The Phillies are going to lose around 100 games this season, and will do so on merit. The presence of the Milwaukee Brewers might keep them from being the worst team in the National League, but that thin comfort won't spare them a single step of the long, depressing march to October.

None of this qualifies as surprising. The Phils, with perhaps one notable exception, were expected to be exactly this bad. The exception, however, happens to be a player who ranks among the franchise's top 10 for career at-bats, hits, runs, total bases, runs batted in, extra bases, and home runs.

The exception is Chase Cameron Utley, and this is a big problem. How the Phillies choose to deal with Utley's situation, if it continues, will say a lot about how they build a team for the future. How Utley handles things will be just as crucial for an organization trying hard not to drive away the remaining fans who come to the park.
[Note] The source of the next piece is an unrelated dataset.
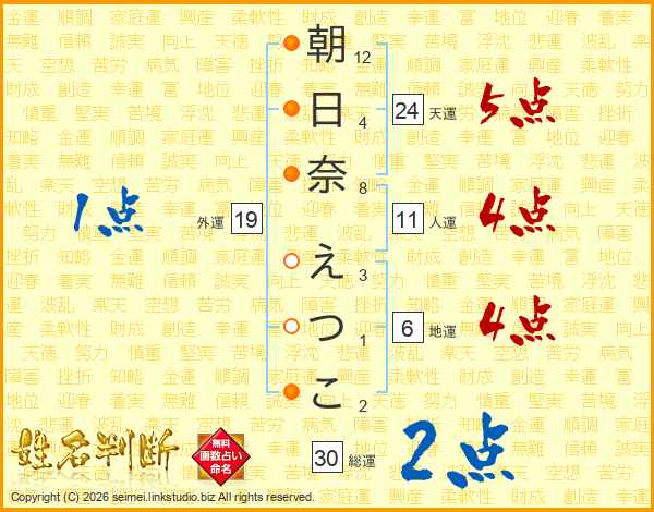 朝(12画)日(4画)奈(8画) え(3画)つ(1画)こ(2画)
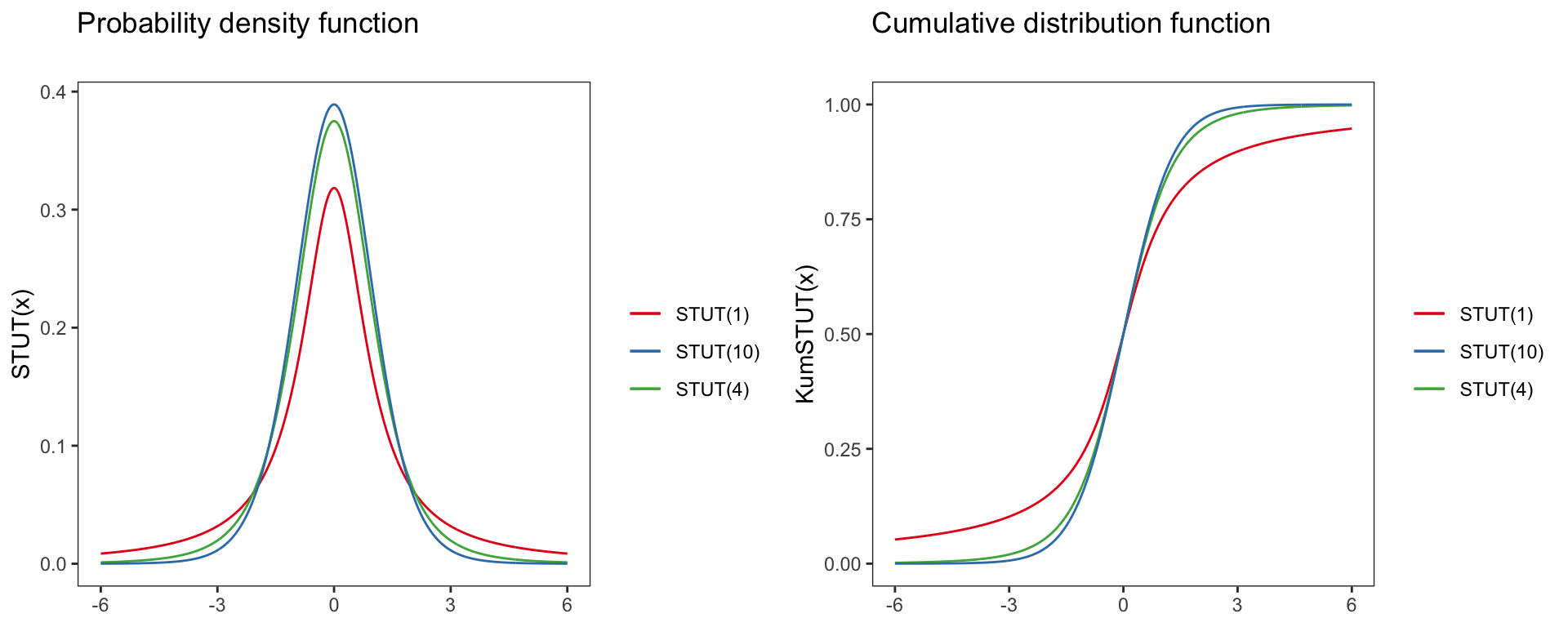 \(\begin{aligned} STUT(x) = (X=x \mid v) = \frac{B(\frac{v+1}{2})}{\sqrt{v*\pi}B(\frac{v}{2})}(1+\frac{x^{2}}{v})^{-\frac{v+1}{2}} \end{aligned}\)

Entering Tuesday night's game in Atlanta, Utley was batting .103 and riding a 4-for-62 streak in 17 games since he homered twice against the Mets on April 14. He was not in the starting lineup. The manager, the general manager, and the player himself have said all the expected things about the season being young and about balls being hit sharply that were caught. The advanced metrics of the day don't really back up the latter assertion and, as for the former, well, it isn't April anymore.

The mathematics of the game quickly become daunting for a player who begins in such a hole, even if Utley's start is merely a slump and not a new reality. He would have to hit .330 over the next 40 games or so just to get to an average of .250 by midseason. Is that likely? Is it even possible? The question is not just who Chase Utley is right now, but who he will be by the end of the year and, more important for the Phillies, who he will be next season and beyond.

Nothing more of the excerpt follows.